The cholesterol-fed mice, on the other hand, did not have an underactive immune system, according to the researchers. Cholesterol, on the other hand, boosted the amount of immune cells that produce cytokines in the lungs.
“A so-called cytokine storm during severe disease results in excessive inflammation that can be damaging to the host. Along those lines, we found that more cytokine-producing cells had infiltrated the lungs of the mice fed cholesterol, which may have contributed to them being sicker,” Louie says.
“It’s a double-edged sword. You want to be able to mount an effective immune response, but excessive inflammation is detrimental.”
Unfortunately, the effects of dietary cholesterol on influenza morbidity persisted after mice stopped consuming it. The researchers fed mice a high-cholesterol diet for five weeks before switching them to a regular diet. Even when those mice were given influenza, they became sicker than mice that had never eaten a high-cholesterol diet.
“We were thinking this dietary component is a highly modifiable factor. Perhaps it would only have a transient effect. But ultimately we found that five additional weeks on a normal diet was not enough time to fully reverse the detrimental effects of cholesterol,” Louie says.
Surprisingly, even before the mice were infected with influenza, inflammatory alterations in the lungs could be seen in the high-cholesterol mice.

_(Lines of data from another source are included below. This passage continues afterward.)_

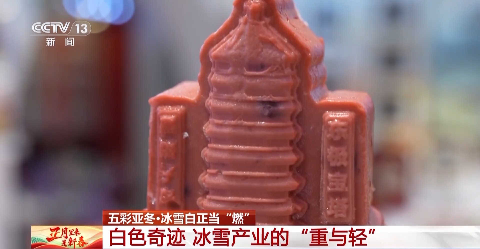與冰雪相擁,講究一口哈氣一口冰,越冷越吃冰。這根撫遠地標東極寶塔的文創(chuàng)雪糕,讓游客眼前有美景,口中甜蜜蜜,盡情享受舌尖上的冰雪風情。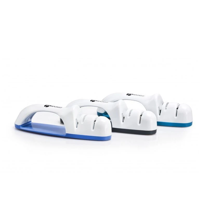 Точилка для кухонных ножей изготовлена из пластика. Точильный элемент изготовлен из абразивного камня.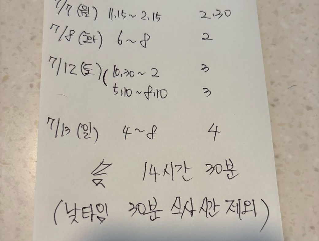 이와 별개로 식사시간 등 휴게시간은 유급처리하는 시간에서 제외될 수 있습니다.
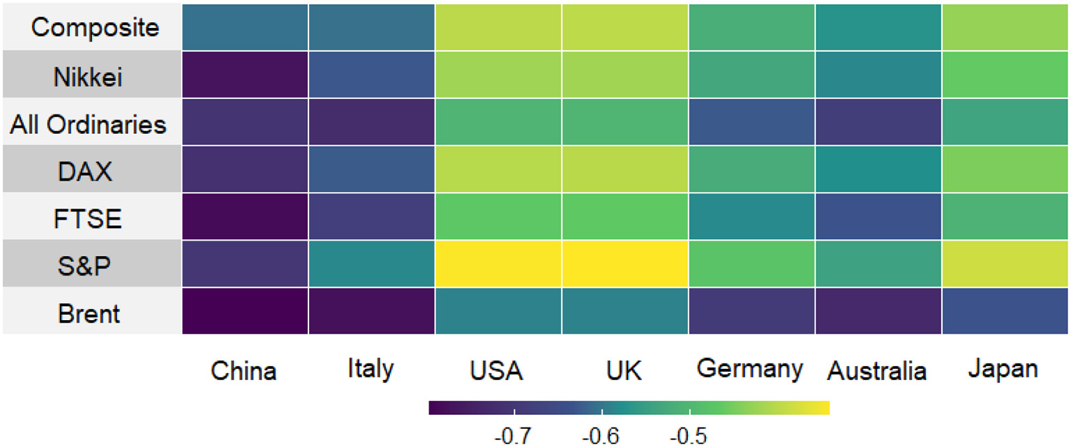 Correlation between the number of COVID-19 cases and stock markets in selected countries.

“Some of the changes in the lungs’ immune function were already present before infection. It would be interesting to see exactly how dietary cholesterol increased inflammation prior to infection,” says corresponding author Steelman, associate professor in the Department of Animal Sciences, the Neuroscience Program, and the Division of Nutritional Sciences at Illinois.

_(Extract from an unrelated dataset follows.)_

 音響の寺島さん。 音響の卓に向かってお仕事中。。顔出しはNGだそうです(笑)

“Nevertheless, our data collectively show that dietary cholesterol increased morbidity in influenza-infected mice. The response appeared to be a result of an aberrant immune response occurring in the lungs rather than an effect of the virus itself. These results demonstrate the need to consider how host factors contribute to disease outcome.”
The University of Illinois Urbana-College Champaign’s of Agricultural, Consumer, and Environmental Sciences houses the Department of Animal Sciences and the Division of Nutritional Sciences.